@Joe has covered words for "pineapple", so here's some info on words for "banana".
There is a fairly straightforward explanation for why Spanish has the word plátano instead of a variant of banana, compared to the other languages in the above list.
Plátano already existed in Spanish to refer to another sort of plant, namely the 'plane tree', or trees of the genus Platanus, whose name can be traced back via Latin through Greek to a Proto-Indo-European root *plat- "to spread". The name is thought to refer to either the largish leaves some of these trees have, or their broad, flat expanses of bark.
Various cognates also carry the meaning of 'broad', 'spreading', and so on - in English, plants of the genus Plantago, commonly called plantains, are similarly named for their broad, round leaves, via a borrowing from French. (Edit: to clarify, the plantains just mentioned are a small, herbaceous, bog-loving plant, completely unrelated to any sort of banana).
So, once the Spanish-speaking world had access to bananas, plátano was usefully extended to refer to (some) banana plants; given that banana trees have quite enormous leaves, the name is quite appropriate.

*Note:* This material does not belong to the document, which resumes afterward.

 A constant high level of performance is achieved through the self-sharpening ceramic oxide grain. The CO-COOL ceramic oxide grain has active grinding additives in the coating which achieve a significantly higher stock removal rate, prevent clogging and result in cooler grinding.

There is an alternative hypothesis that Spanish got plátano from the Carib word platana (from Arawakan pratane) and that this was altered to make it more similar to Spanish plátano 'plane tree', but there is not much evidence to support this, and either way plátano 'plane tree' is somewhat responsible.

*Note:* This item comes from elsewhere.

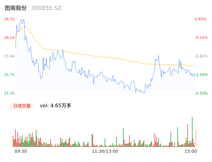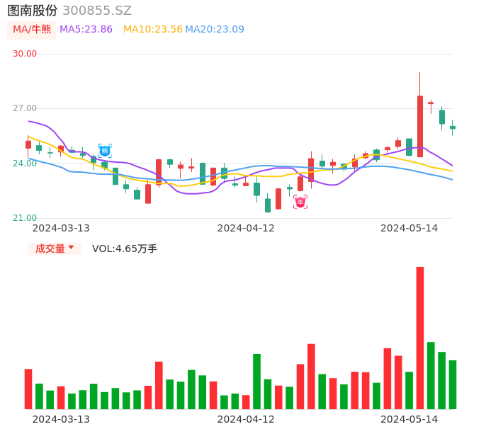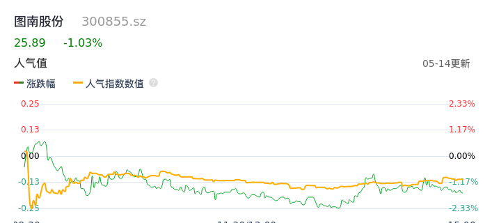 05月14日,图南股份收报25.89,股价涨幅-1.03%,成交金额1.20亿元,换手率1.64%。

But, the list above is a bit disingenuous, because Spanish does have the word banana, and this is the word that Spanish initially borrowed from Wolof, a Niger-Congo language, to refer to the fruit. Depending on what sort of Spanish you speak, banana can refer to to smaller, sweeter fruits we are most familiar with, while plátano might refer to the larger, starchier, less sweet fruits that are generally used in cooking rather than eaten raw. In English, the latter are referred to as plantains or plantain bananas (probably on analogy with Spanish Edit: because although English already had the word 'plantain', it wasn't used to refer to bananas). Both sorts are of the genus Musa. But at least in Mexico, plátano refers to the sweet variety, and plantains are plátano macho.
Most modern languages that use a variant of the word banana got the word via either Spanish or Portuguese, and those languages initially borrowed it from Wolof. So, to reiterate Joe's point, "whichever name is used by the introducers gets adopted in many other languages".
But in fact, the history of 'words for banana' started long before the Spanish and Portuguese borrowed the modern word from Wolof, and if you look at languages across the world, the word banana hardly comes into play.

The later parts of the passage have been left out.